Enforcing positivity (or other transformations) of TrainVars #165

wil-j-wil · 2020-12-02T17:58:44Z

Hi,

Is it possible to declare constraints on trainable variables, e.g. forcing them to be positive via an exponential or softplus transformation?

In an ideal world, we would be able to write something like:
self.variance = objax.TrainVar(np.array(1.0), transform=positive)

Thanks,

Will

p.s. thanks for the great work on objax so far, it's a pleasure to use.

The text was updated successfully, but these errors were encountered:

david-berthelot · 2020-12-02T22:49:05Z

It can be done but by applying a function to the variable when it is used; basically by using standard Python.

Example:

import objax
import jax.numpy as jn

class MyModule(objax.Module):
    def __init__(self):
        self.v = objax.TrainVar(jn.ones([]))

    def __call__(self, x):
        return jn.abs(v.value) * x

In this example I used jn.abs as a way to make the variable usage positive, you can use any math expression you'd like obviously.

You can go as fancy as you want in your use of standard python:

import objax
import jax.numpy as jn

class MyModule(objax.Module):
    def __init__(self):
        self.v = objax.TrainVar(jn.ones([]))

    @property
    def positive_v(self):
        return jn.abs(self.v.value)

    def __call__(self, x):
        return self.positive_v * x

Would that work for you?

wil-j-wil · 2020-12-03T07:49:29Z

Hi,

Thanks for the quick response. The solution you suggest absolutely works, the only thing lacking is that it would be really nice if calling self.v.value returned the positive value itself. That way the code becomes cleaner, and when a user wants to inspect a variable, they don't have to know which positivity transform to apply. Also, initialising the variables would become slightly cleaner.

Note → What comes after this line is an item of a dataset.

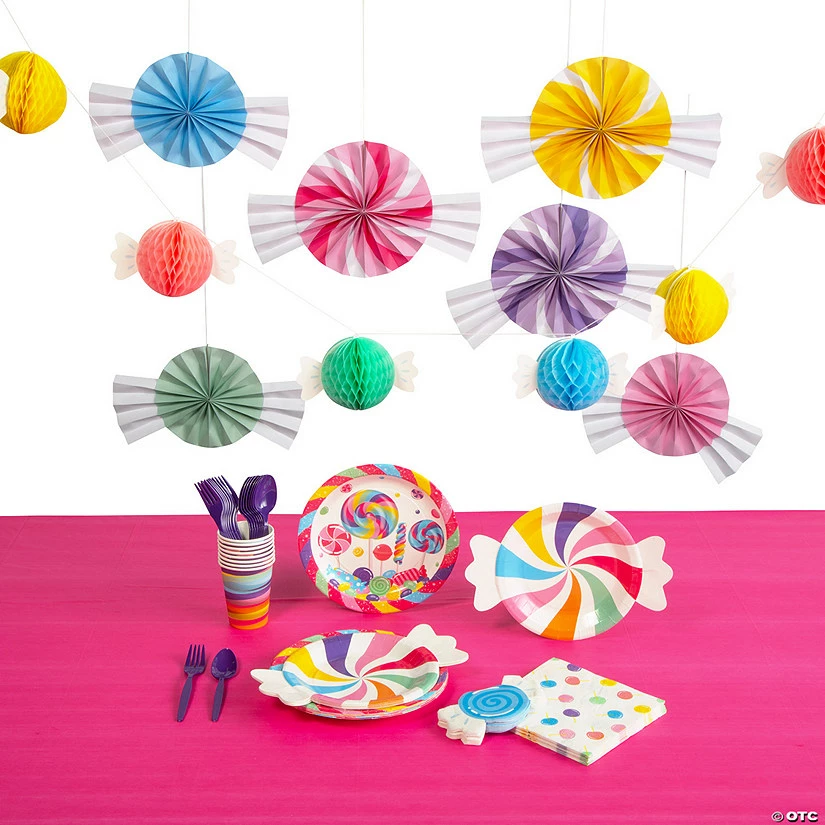 Invite friends over for a sweet Candy World party with the help of this impressive tableware kit. Featuring enough disposable tableware and decorations for up to eight people, this kit makes the task of hosting a Candy World birthday party much easier! You bring the guests and the cake and weβll take care of the rest. (72 pcs. per unit) Assortment may vary.Includes:β’ 8 Paper Candy World Dessert Plates (7 1/2″)β’ 8 Paper Candy World Dinner Plates (9″)β’ 16 Paper Candy World Luncheon Napkins (6 1/2″)β’ 8 Paper Candy World Cups (3 3/4″ 9 oz.)β’ 6 Candy World Paper Hanging Fans (Three 14″ x 7″ and three 14″ x 21 1/2″. Simple assembly required.)β’ 1 Paper Candy World Party Honeycomb Garland (7 ft.)β’ 16 Paper Candy-Shaped Candy World Beverage Napkins (5″)β’ 1 Plastic Hot Pink Tablecloth (54″ x 108″ Thin, slightly transparent. Disposable.)β’ 8 Plastic Purple Fork & Spoon Cutlery Sets (16 pcs. per unit)

Tensorflow probability have a similar feature called TransformedVariable: https://www.tensorflow.org/probability/api_docs/python/tfp/util/TransformedVariable?hl=en

However, I can see that implementing such a feature could be more effort than it's worth, depending on whether others would use it too.

david-berthelot · 2020-12-03T08:07:54Z

Yes, I see your point, it's a balancing act really between having very explicit behaviors (a variable is just a container for a matrix/tensor, any other properties of that variable come from modifications applied to it when using it) and implicit behavior (a variable is a matrix combined with more functionalities that can continuously grow over time).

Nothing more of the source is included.